> TASK TO CARRY OUT
Look below for the line that contains "70-luku, kukkapöytä, kukkapilari" and the line that contains "В этих боях", then restate both of them and every line in between, exactly. No picture goes in the copy.

> PROVIDED DATA
————

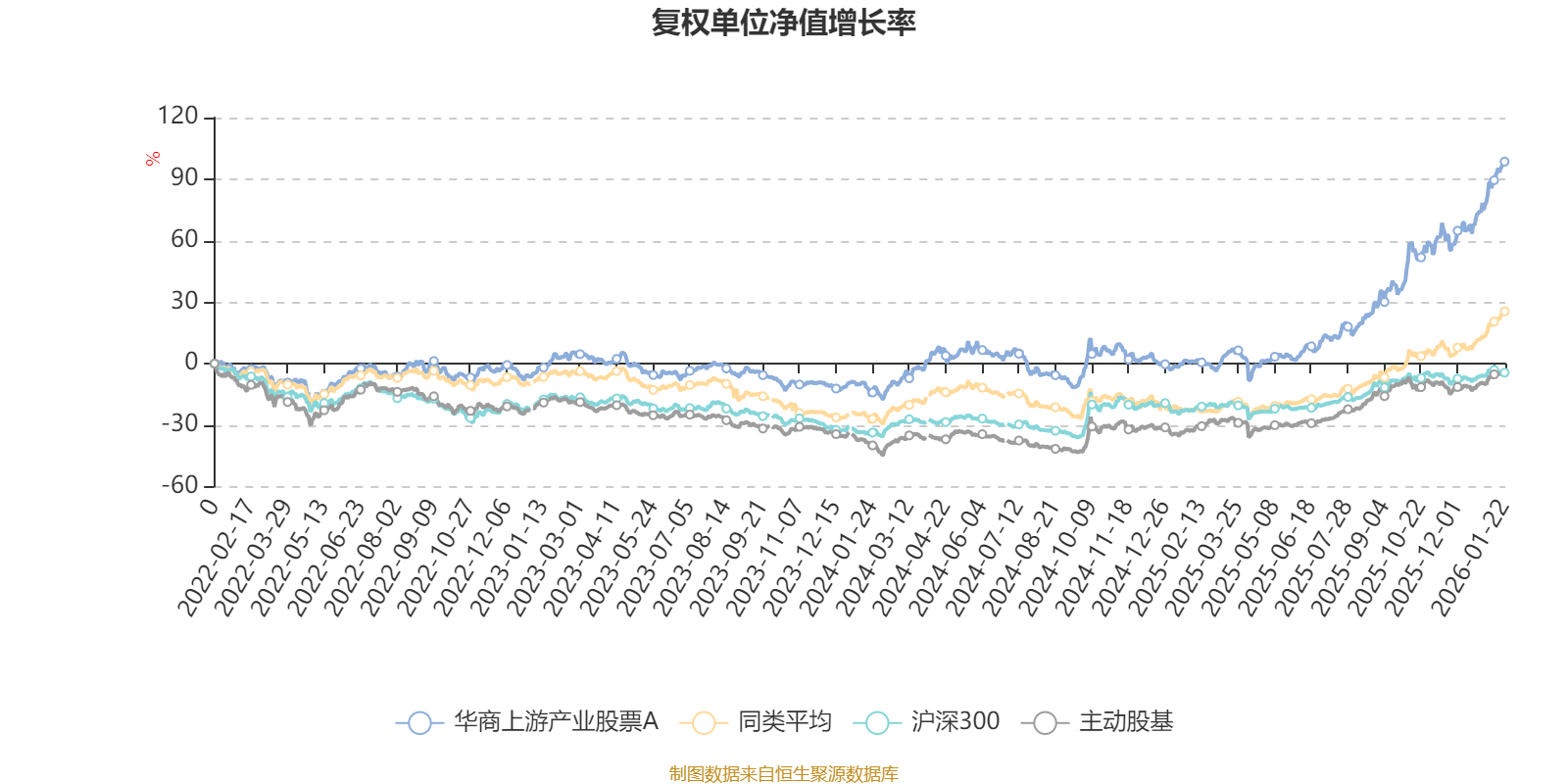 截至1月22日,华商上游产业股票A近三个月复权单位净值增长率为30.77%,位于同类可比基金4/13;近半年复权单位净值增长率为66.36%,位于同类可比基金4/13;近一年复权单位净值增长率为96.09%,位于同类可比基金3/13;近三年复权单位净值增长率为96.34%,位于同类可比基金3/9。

————

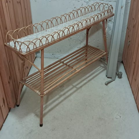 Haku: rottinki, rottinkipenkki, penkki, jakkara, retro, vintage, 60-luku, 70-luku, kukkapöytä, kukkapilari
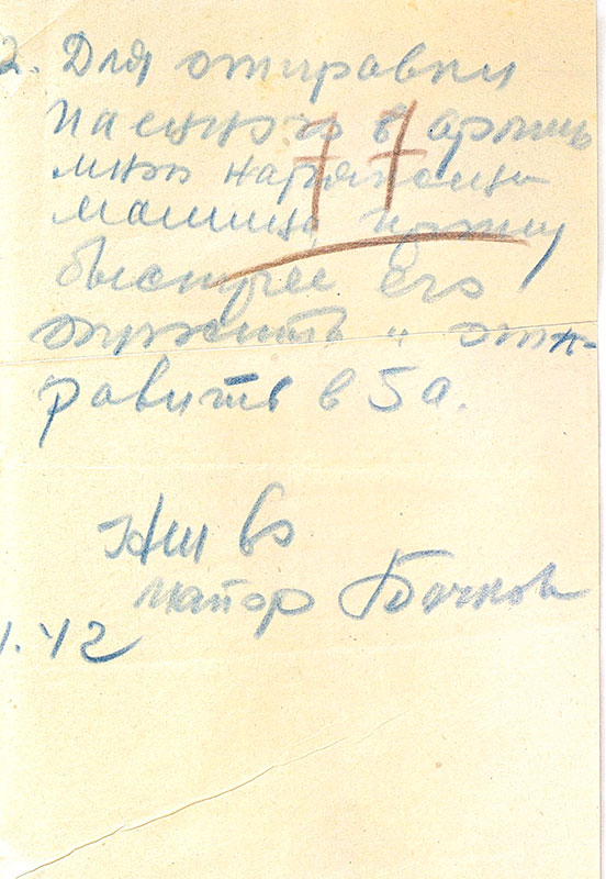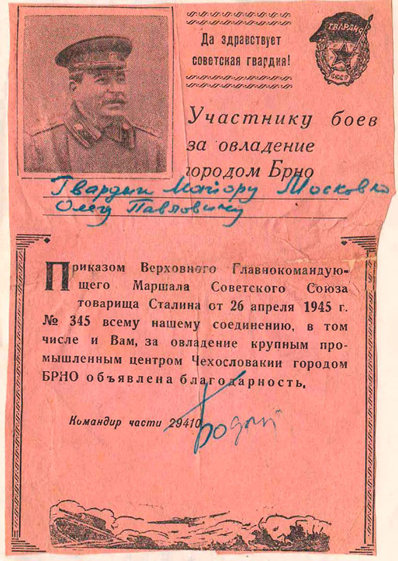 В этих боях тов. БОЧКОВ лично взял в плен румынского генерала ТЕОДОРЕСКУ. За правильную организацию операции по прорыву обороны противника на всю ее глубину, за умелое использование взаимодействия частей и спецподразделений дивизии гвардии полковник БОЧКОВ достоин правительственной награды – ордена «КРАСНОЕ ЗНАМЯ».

————

> COMPLETED EXERCISE
 Haku: rottinki, rottinkipenkki, penkki, jakkara, retro, vintage, 60-luku, 70-luku, kukkapöytä, kukkapilari
 В этих боях тов. БОЧКОВ лично взял в плен румынского генерала ТЕОДОРЕСКУ. За правильную организацию операции по прорыву обороны противника на всю ее глубину, за умелое использование взаимодействия частей и спецподразделений дивизии гвардии полковник БОЧКОВ достоин правительственной награды – ордена «КРАСНОЕ ЗНАМЯ».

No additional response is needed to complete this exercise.